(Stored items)
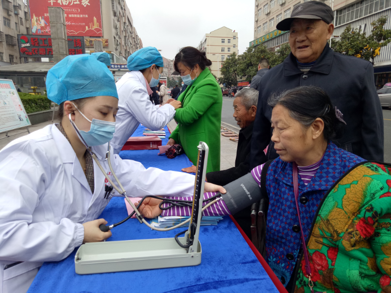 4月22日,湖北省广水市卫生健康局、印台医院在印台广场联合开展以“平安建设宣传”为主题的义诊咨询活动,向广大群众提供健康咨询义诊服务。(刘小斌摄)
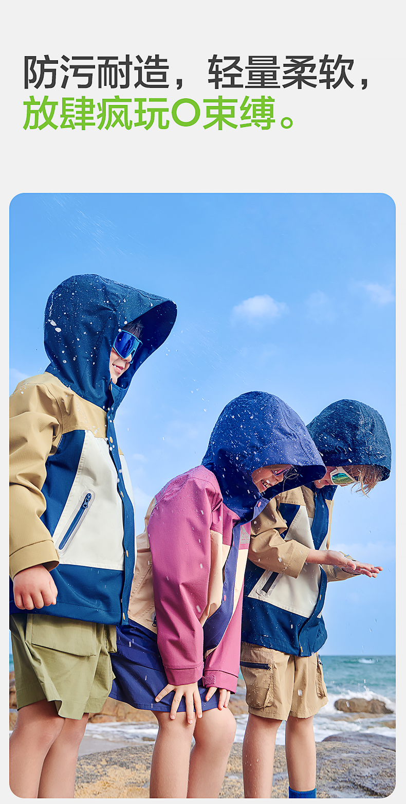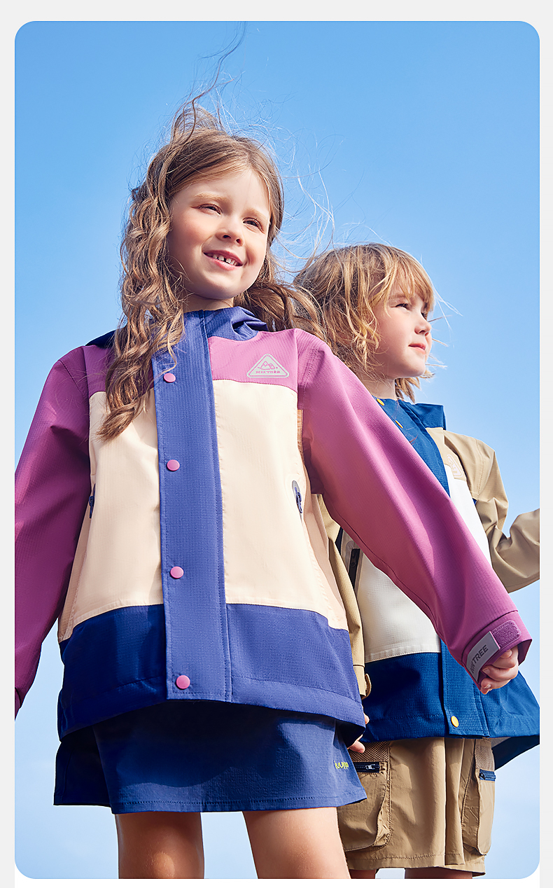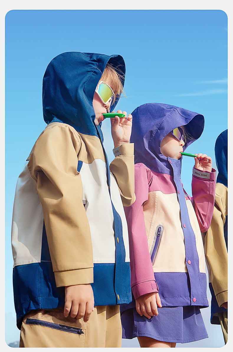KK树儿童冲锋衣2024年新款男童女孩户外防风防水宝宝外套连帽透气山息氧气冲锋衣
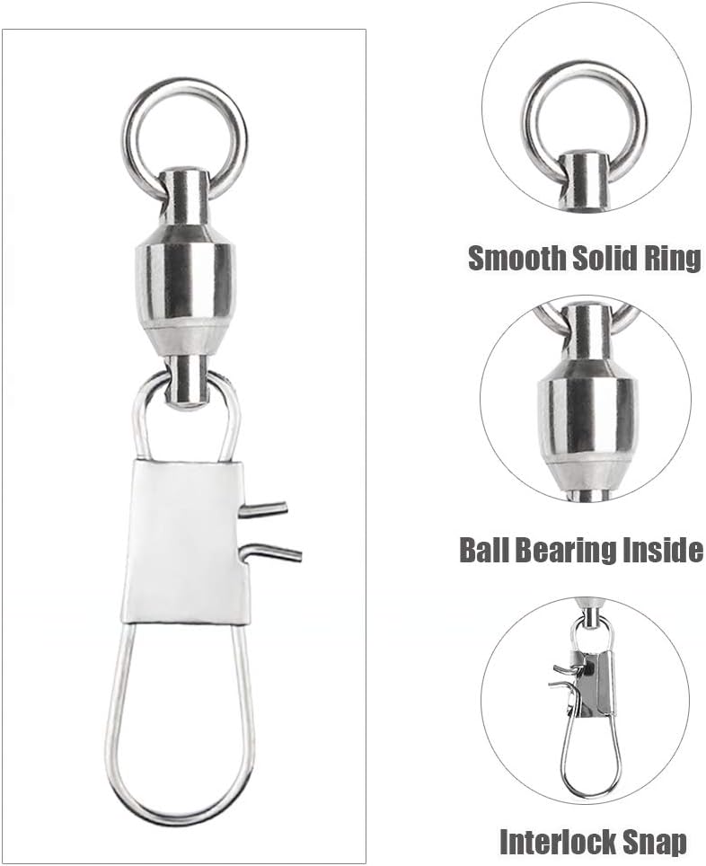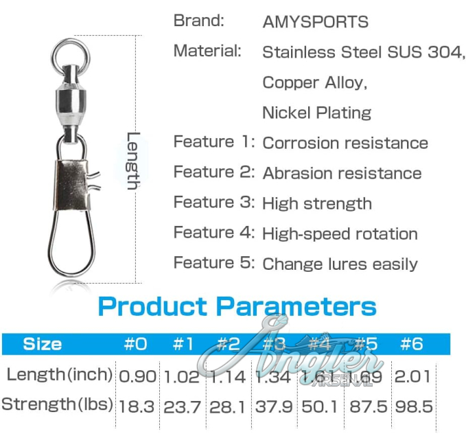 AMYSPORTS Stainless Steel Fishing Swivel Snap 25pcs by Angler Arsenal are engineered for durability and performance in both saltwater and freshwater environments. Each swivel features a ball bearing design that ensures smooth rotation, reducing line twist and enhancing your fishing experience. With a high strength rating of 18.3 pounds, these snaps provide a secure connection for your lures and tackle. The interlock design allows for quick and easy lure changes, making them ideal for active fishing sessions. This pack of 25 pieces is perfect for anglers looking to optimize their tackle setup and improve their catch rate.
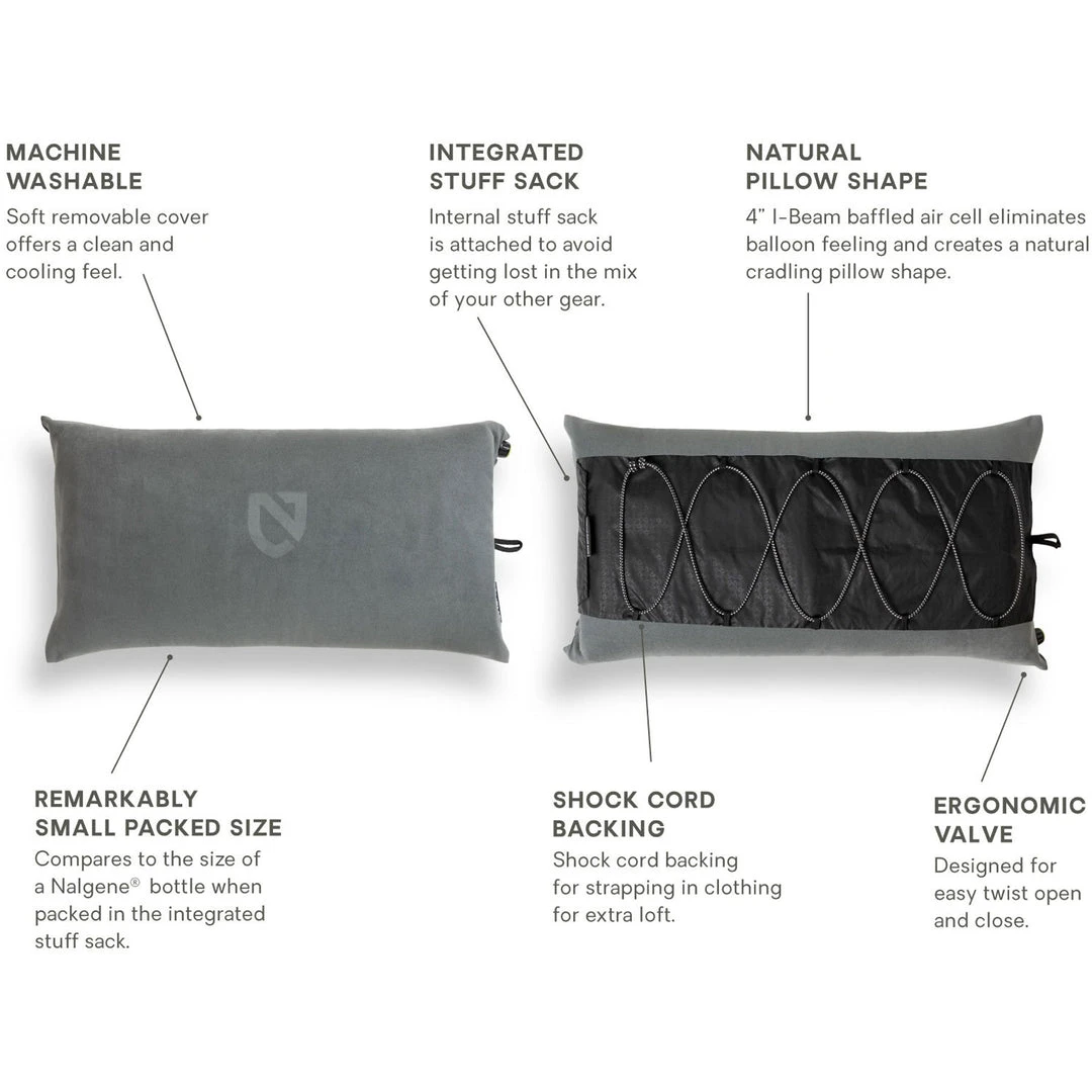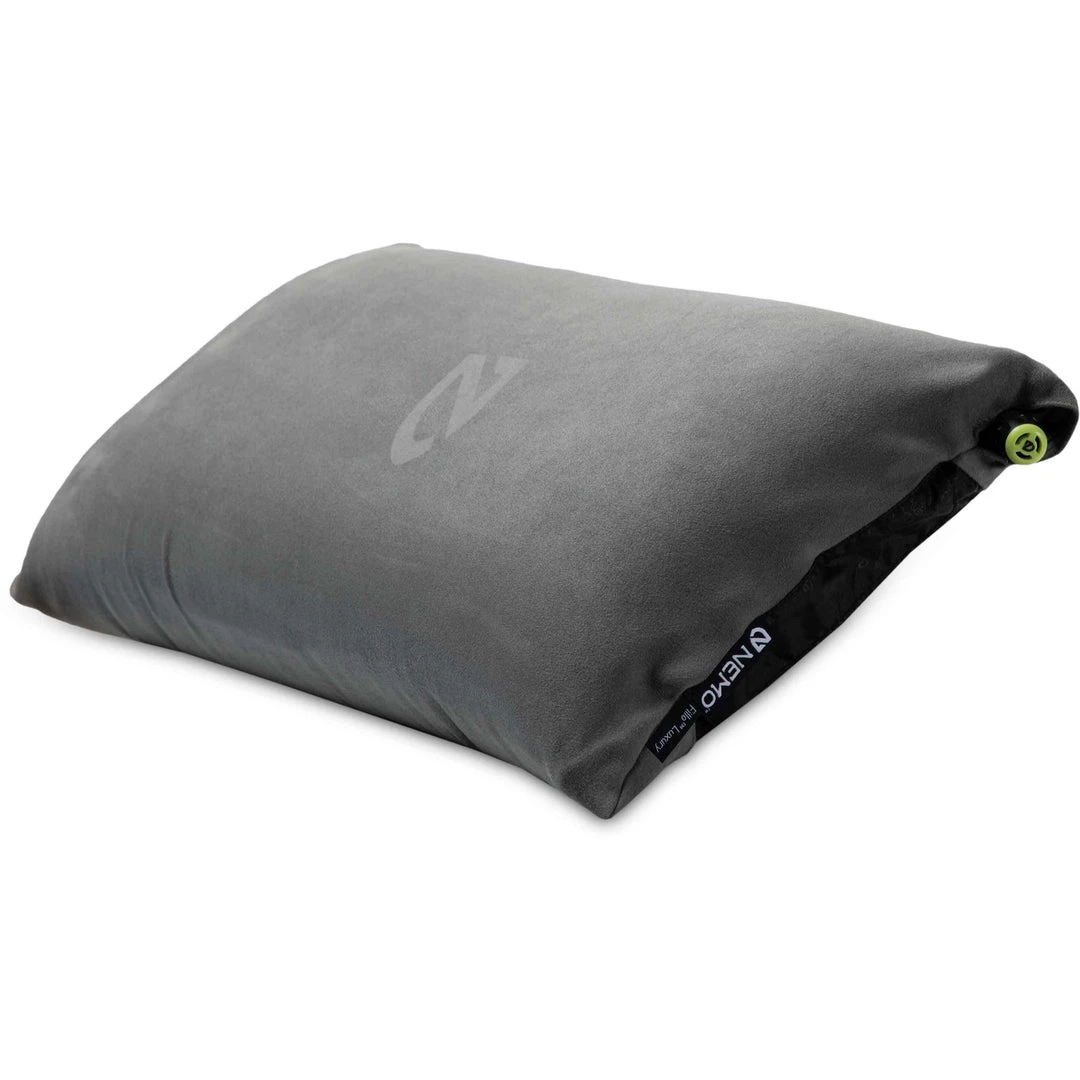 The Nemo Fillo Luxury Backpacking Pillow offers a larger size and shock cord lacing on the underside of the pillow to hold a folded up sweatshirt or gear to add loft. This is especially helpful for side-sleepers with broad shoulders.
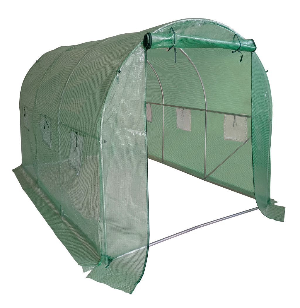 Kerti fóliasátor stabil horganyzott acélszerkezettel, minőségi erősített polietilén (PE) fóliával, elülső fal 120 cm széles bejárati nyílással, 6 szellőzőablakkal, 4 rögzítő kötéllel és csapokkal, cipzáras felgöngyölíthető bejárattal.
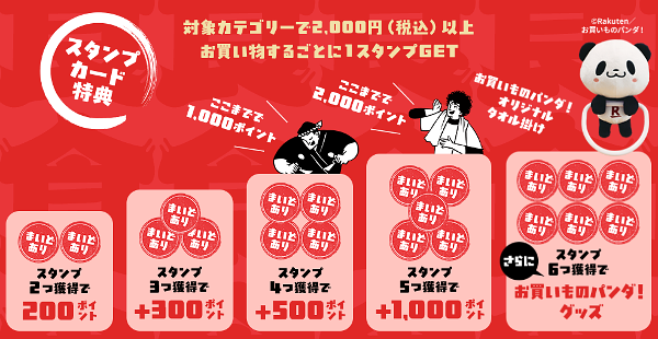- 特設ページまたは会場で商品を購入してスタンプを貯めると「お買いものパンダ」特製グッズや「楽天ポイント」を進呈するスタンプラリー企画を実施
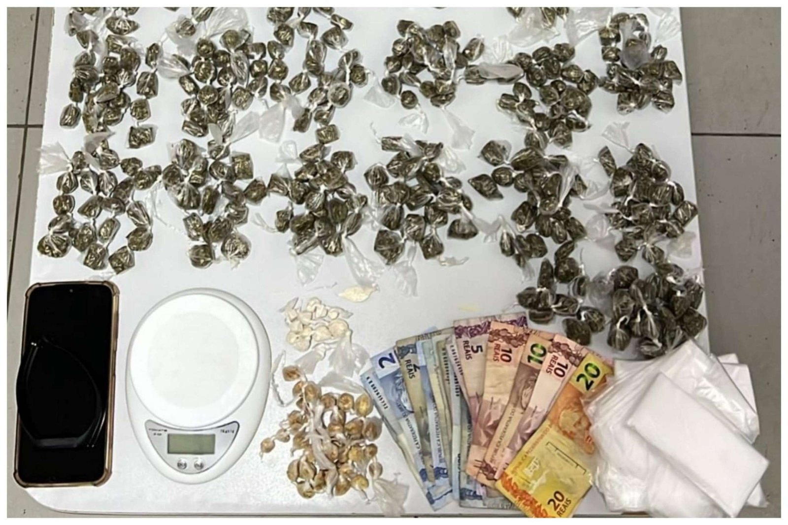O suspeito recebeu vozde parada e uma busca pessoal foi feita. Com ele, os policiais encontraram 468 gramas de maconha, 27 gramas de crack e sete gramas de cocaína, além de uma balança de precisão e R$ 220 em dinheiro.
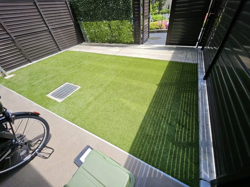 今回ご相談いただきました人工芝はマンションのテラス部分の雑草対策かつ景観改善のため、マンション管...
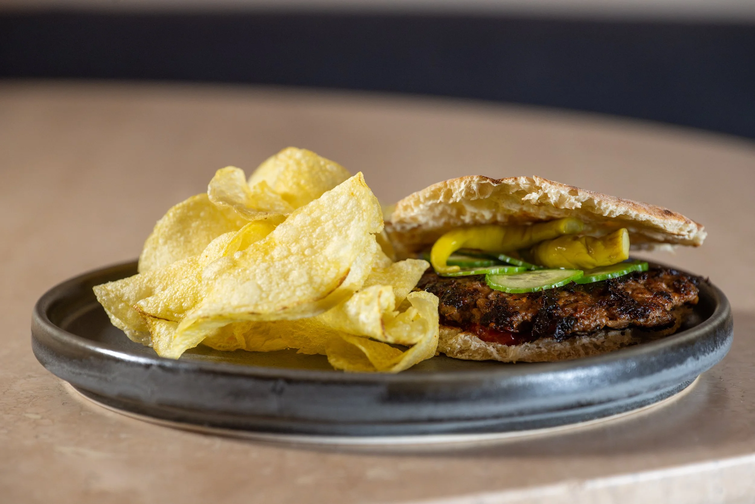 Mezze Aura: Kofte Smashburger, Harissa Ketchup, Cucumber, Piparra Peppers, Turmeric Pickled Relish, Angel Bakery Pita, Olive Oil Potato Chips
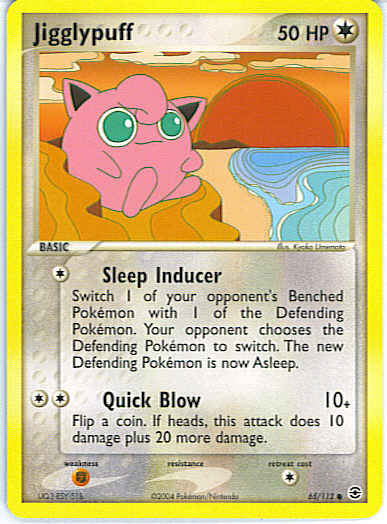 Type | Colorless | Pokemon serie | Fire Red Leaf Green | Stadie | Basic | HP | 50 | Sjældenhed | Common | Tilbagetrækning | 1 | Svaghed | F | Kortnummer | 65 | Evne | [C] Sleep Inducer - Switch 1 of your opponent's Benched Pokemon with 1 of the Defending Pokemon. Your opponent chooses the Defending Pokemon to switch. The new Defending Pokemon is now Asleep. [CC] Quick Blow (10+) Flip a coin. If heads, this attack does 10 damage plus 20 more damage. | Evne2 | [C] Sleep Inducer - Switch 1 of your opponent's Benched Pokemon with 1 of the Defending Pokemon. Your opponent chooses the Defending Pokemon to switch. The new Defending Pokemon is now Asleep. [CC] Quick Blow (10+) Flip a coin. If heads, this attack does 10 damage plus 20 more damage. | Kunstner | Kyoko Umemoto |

Work instructions> All entries are to be duplicated exactly, with the pictures left out.

Answer for the task>
 4月22日,湖北省广水市卫生健康局、印台医院在印台广场联合开展以“平安建设宣传”为主题的义诊咨询活动,向广大群众提供健康咨询义诊服务。(刘小斌摄)
KK树儿童冲锋衣2024年新款男童女孩户外防风防水宝宝外套连帽透气山息氧气冲锋衣
 AMYSPORTS Stainless Steel Fishing Swivel Snap 25pcs by Angler Arsenal are engineered for durability and performance in both saltwater and freshwater environments. Each swivel features a ball bearing design that ensures smooth rotation, reducing line twist and enhancing your fishing experience. With a high strength rating of 18.3 pounds, these snaps provide a secure connection for your lures and tackle. The interlock design allows for quick and easy lure changes, making them ideal for active fishing sessions. This pack of 25 pieces is perfect for anglers looking to optimize their tackle setup and improve their catch rate.
 The Nemo Fillo Luxury Backpacking Pillow offers a larger size and shock cord lacing on the underside of the pillow to hold a folded up sweatshirt or gear to add loft. This is especially helpful for side-sleepers with broad shoulders.
 Kerti fóliasátor stabil horganyzott acélszerkezettel, minőségi erősített polietilén (PE) fóliával, elülső fal 120 cm széles bejárati nyílással, 6 szellőzőablakkal, 4 rögzítő kötéllel és csapokkal, cipzáras felgöngyölíthető bejárattal.
- 特設ページまたは会場で商品を購入してスタンプを貯めると「お買いものパンダ」特製グッズや「楽天ポイント」を進呈するスタンプラリー企画を実施
O suspeito recebeu vozde parada e uma busca pessoal foi feita. Com ele, os policiais encontraram 468 gramas de maconha, 27 gramas de crack e sete gramas de cocaína, além de uma balança de precisão e R$ 220 em dinheiro.
 今回ご相談いただきました人工芝はマンションのテラス部分の雑草対策かつ景観改善のため、マンション管...
 Mezze Aura: Kofte Smashburger, Harissa Ketchup, Cucumber, Piparra Peppers, Turmeric Pickled Relish, Angel Bakery Pita, Olive Oil Potato Chips
 Type | Colorless | Pokemon serie | Fire Red Leaf Green | Stadie | Basic | HP | 50 | Sjældenhed | Common | Tilbagetrækning | 1 | Svaghed | F | Kortnummer | 65 | Evne | [C] Sleep Inducer - Switch 1 of your opponent's Benched Pokemon with 1 of the Defending Pokemon. Your opponent chooses the Defending Pokemon to switch. The new Defending Pokemon is now Asleep. [CC] Quick Blow (10+) Flip a coin. If heads, this attack does 10 damage plus 20 more damage. | Evne2 | [C] Sleep Inducer - Switch 1 of your opponent's Benched Pokemon with 1 of the Defending Pokemon. Your opponent chooses the Defending Pokemon to switch. The new Defending Pokemon is now Asleep. [CC] Quick Blow (10+) Flip a coin. If heads, this attack does 10 damage plus 20 more damage. | Kunstner | Kyoko Umemoto |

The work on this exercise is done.